The Moderna and Pfizer BioNTech recordings, which have been available to a select group for some time, should be immediately available to any adult who got their first shot at least six months ago.
Individuals who received the single-dose Johnson & Johnson vaccine were already encouraged to receive a booster shot within two months of their initial dose to bring their protection up to the same level as those who received the two-dose Pfizer vaccine. BioNTech or Modern.
It is allowed to mix and match vaccine labels.
J&J and Pfizer-BioNTech booster shots are identical to initial vaccines, while Moderna decided that a half-dose booster would be just as protective and lead to fewer side effects.
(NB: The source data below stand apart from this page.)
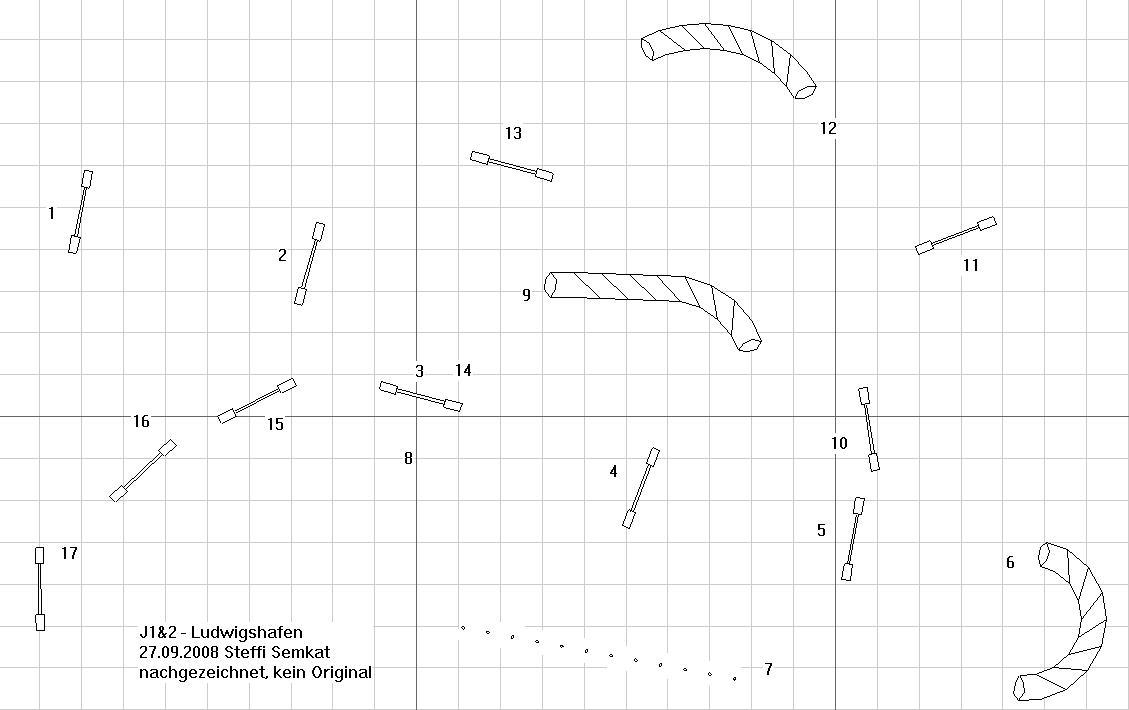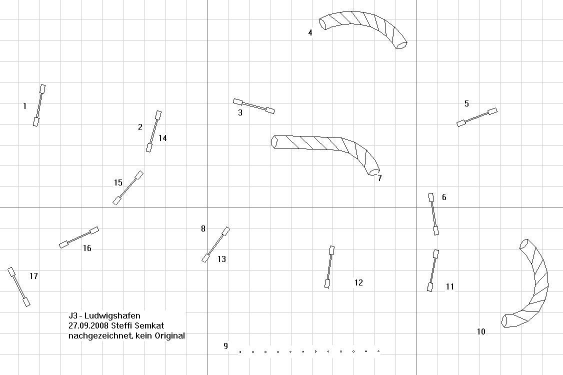 28.09.2008 VdH LudwigshafenAls Richter waren Michael Kanbach und Steffi Semkat vor Ort, von Michael stammten die A-Parcoure, von Steffi die Jumpings. Weil Laila mir deutlich zu verstehen gegeben hatte, dass sie gern mal wieder meine volle Aufmerksamkeit hätte, blieb Iuju ausnahmsweise mal Zuhause und Laila und ich machten einen Weibertag. Das sollte sich zumindest im A-Lauf auch auszahlen. A-Lauf: vor dem Anfang hatte ich ein wenig Respekt, 3 Sprünge und dann zielen, das liegt mir ja nicht wirklich. Aber da ich am Vortag Laila erstmals wieder ein Stück abgerufen habe, hab ich das gleich noch mal ausprobiert und es ging wider Erwarten recht gut. Der Parcours lag uns eigentlich, bis auf die Sequenz Richtung Wand, vor der ich eigentlich einen Belgier machen wollte, aber dann deutlich zu spät dran war und damit den Wandaufsprung kassierte. Allerdings als einzigen Fehler, und auch die Zeit war im Rahmen, also ein V. Jumping3:
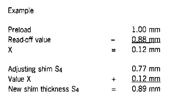 Note If the read-off value on the dial gauge is greater than 1.00 mm, the thickness of the adjusting shim "S4" must be reduced by the value X.
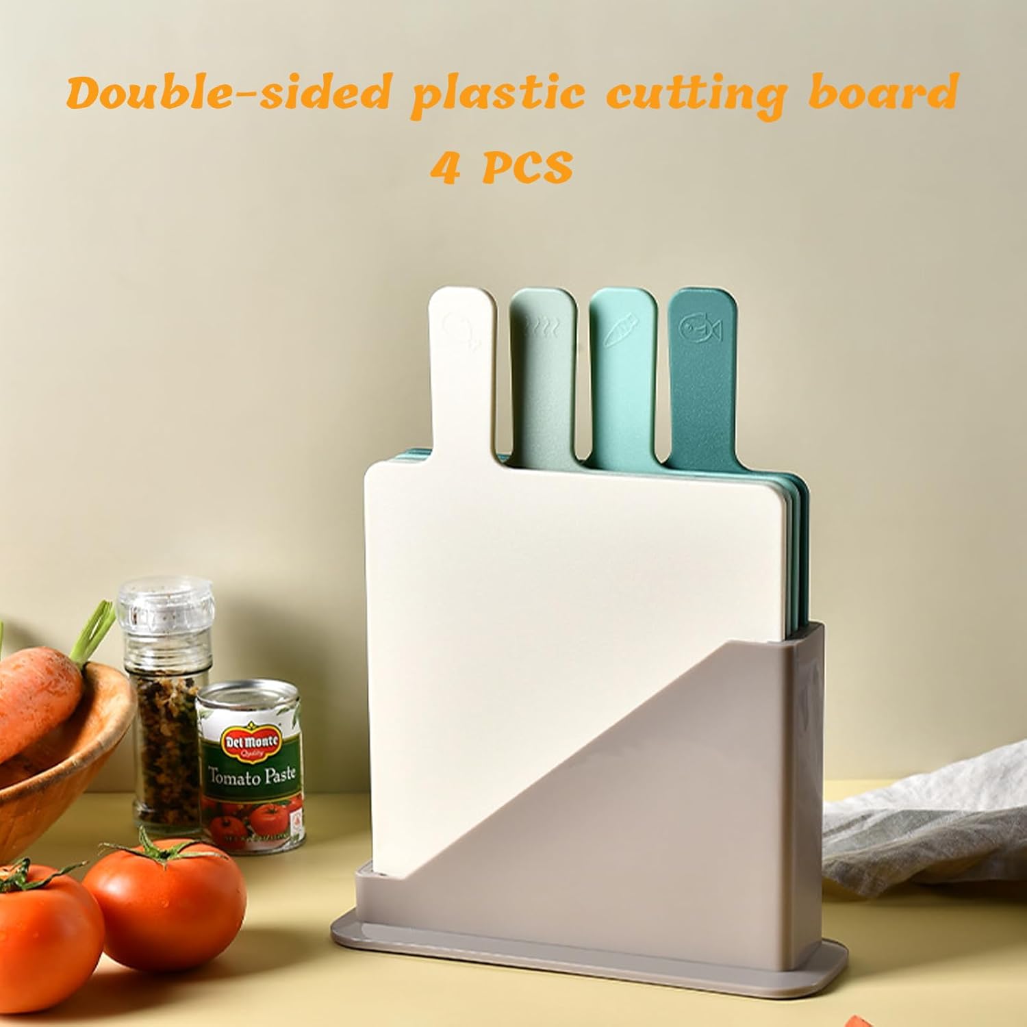 4-Piece Cutting Board Set: This set comprises 4 plastic cutting boards, each tailored to meet all your kitchen requirements—ideal for slicing vegetables, meats, and more. Keep your meal preparation efficient!

More:The CDC makes COVID vaccine boosters available to all American adults, recommended for 50 and older
KHN (Kaiser Health News) is a national newsroom that produces in-depth journalism on health issues. Together with policy analysis and opinion polling, KHN is one of the three major operating programs at KFF (Kaiser Family Foundation). KFF is a gifted nonprofit organization that provides information on health issues to the nation. This story was produced in collaboration with PolitiFact.
Disclaimers for mcutimes.com
All the information on this website - https://mcutimes.com - is published in good faith and for general information purpose only. mcutimes.com does not make any warranties about the completeness, reliability, and accuracy of this information. Any action you take upon the information you find on this website (mcutimes.com), is strictly at your own risk. mcutimes.com will not be liable for any losses and/or damages in connection with the use of our website.